Blondyn odwrócił się do czarnowłosego i powiedział:
- Możemy tak jeszcze raz?
Mike zachichotał i przytaknął głową. Nie wiedział czy Chesterowi spodobała się gra w kręgle, czy to, że Mike go dotykał. Miał nadzieję, że jednak chodziło tylko o grę.

Spędzili w kręgielni jeszcze około godziny. 
W ciągu tego czasu Chesterowi udało się podnieść swój rekor do siedmiu kręgli, z czego był ogromnie dumny. 
- Gdzie teraz idziemy? - zapytał Mike, gdy wyszli z budynku
- To tajemnica, której nie mogę Ci zdradzić. - oznajmił Chester
Mike nie chciał go dalej wypytywać. I tak wiedział, że nic by tym nie wskórał.
Po dziesięciu minutach marszu dotarli na miejsce. Stali przed klubem nocnym o nazwie "Olza".
- Mam nadzieję, że wziąłeś ze sobą dowód osobisty. - powiedział Chester i wyciągnął z kieszeni swój
Pewnie podrobiony, pomyślał Mike.
Przy wejściu zatrzymał ich wykidajła. Okazali mu dokumenty i po chwili wpuścił ich do środka. Mike nie dziwił się, że mężczyzna nie rozpoznał, że Chester nie jest pełnoletni. Ten chłopak był prawie takiego samego wzrostu co Shinoda, a z wyglądu też nie przypominał dzieciaka. No i te tatuaże... Mike zastanawiał się, czy Chaz ma wytatuowane wyłącznie ręce, czy także inne części ciała.

Wystrój lokalu był nieco mroczny. Ściany pomalowane były na ciemny granat, a podłogi wyłożone panelami w kolorze dębu. Gdzieniegdzie świeciły kolorowo-neonowe lampki. W uszach dudniła głośna muzyka.
Nagle pomachał do nich jakiś mężczyzna zza baru. Chester wziął Mike'a za rękę i pociągnął go w jego stronę.
- Jednak przyszedłeś Chazy. - powiedział facet o kasztanowych włosach
- Tak, tak. John, poznaj Mike'a, o którym Ci opowiadałem. Mike, poznaj mojego wujka John'a. - mówił Chazy
Mężczyźni podali sobie ręce.
- Chazy dużo o tobie opowiadał. Już dawno nie widziałem go tak szczęśliwego. Tym bardziej po...- tu przerwał, jakby coś sobie przypomniał
Chester posłał mu ostrzegawcze spojrzenie i zwrócił się do Mike'a:
- Chodź, usiądziemy przy stoliku, tam w kącie. - wskazał na stolik otoczony przez czarne, jedwabne zasłony
Mike'owi ten stolik przypominał zamaskowane miejsce dla dwójki kochanków. Odetchnął jednak z ulgą, gdy zobaczył, że wszystkie miejsca są tak samo ustrojone, lecz były już zajęte.

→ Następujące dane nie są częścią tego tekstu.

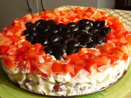 Очень вкусный и сытный салат, который не оставляет никого равнодушным. Готовлю его на праздники и не надоедает! Записывайте рецепт! Приготовление: Салат "Коварство и любовь" выкладываем слоями. Каждый слой (или через один) смазывается майонезом. Первым идет вареная говядина - 300 гр. Второй - одна нарезанная луковица. Третий - 1 банка консервированной красной фасоли. Четвертый - маринованные огурчики, 3-4 шт. Их нарезаем кубиками. Пятый слой - отварной картофель 3 шт, также режем кубиками. Завершающий слой один помидор и оливки. Оливки выкладываем по центру в форме сердечка, остальное пространство по краям заполняем нарезанными помидорами. Соль в салат добавьте по вкусу. Ставим на 2-3 часа в холодильник, чтобы салат пропитался. Приятного аппетита вам!

Chester odsunął zasłonkę jedną ręką, a drugą wskazał Mike'owi, że ma wejść. Chłopak usiadł na środku fioletowo-czarnej rogówki i zapalił czerwoną lampkę, leżącą na środku stołu. Zobaczył, że Chester nie siada obok niego, lecz wybiera miejsce na skraju rogówki. To nieco go zdziwiło.
- Przepraszam za mojego wuja. Czasami za dużo gada. - powiedział Chaz, wpatrując się w lampkę
- Chester widzę, że coś Cię gryzie. - powiedział Mike
- Ja chciałbym Ci powiedzieć... Wszystko. Ale boję się. Boję się, że mnie odrzucisz. Nie mam wobec Ciebie żadnych zamiarów. Ale tak wiele osób mnie już skrzywdziło... - Chester spuścił głowę
- Chaz nie mów, jeżeli nie chcesz. Ale ja nie chcę Cię skrzywdzić. - Mike dotknął opuszkami palców ciepłej dłoni chłopaka
- Jeżeli mamy zostać przyjaciółmi, muszę Ci wszystko opowiedzieć. Nie lubię okłamywać innych.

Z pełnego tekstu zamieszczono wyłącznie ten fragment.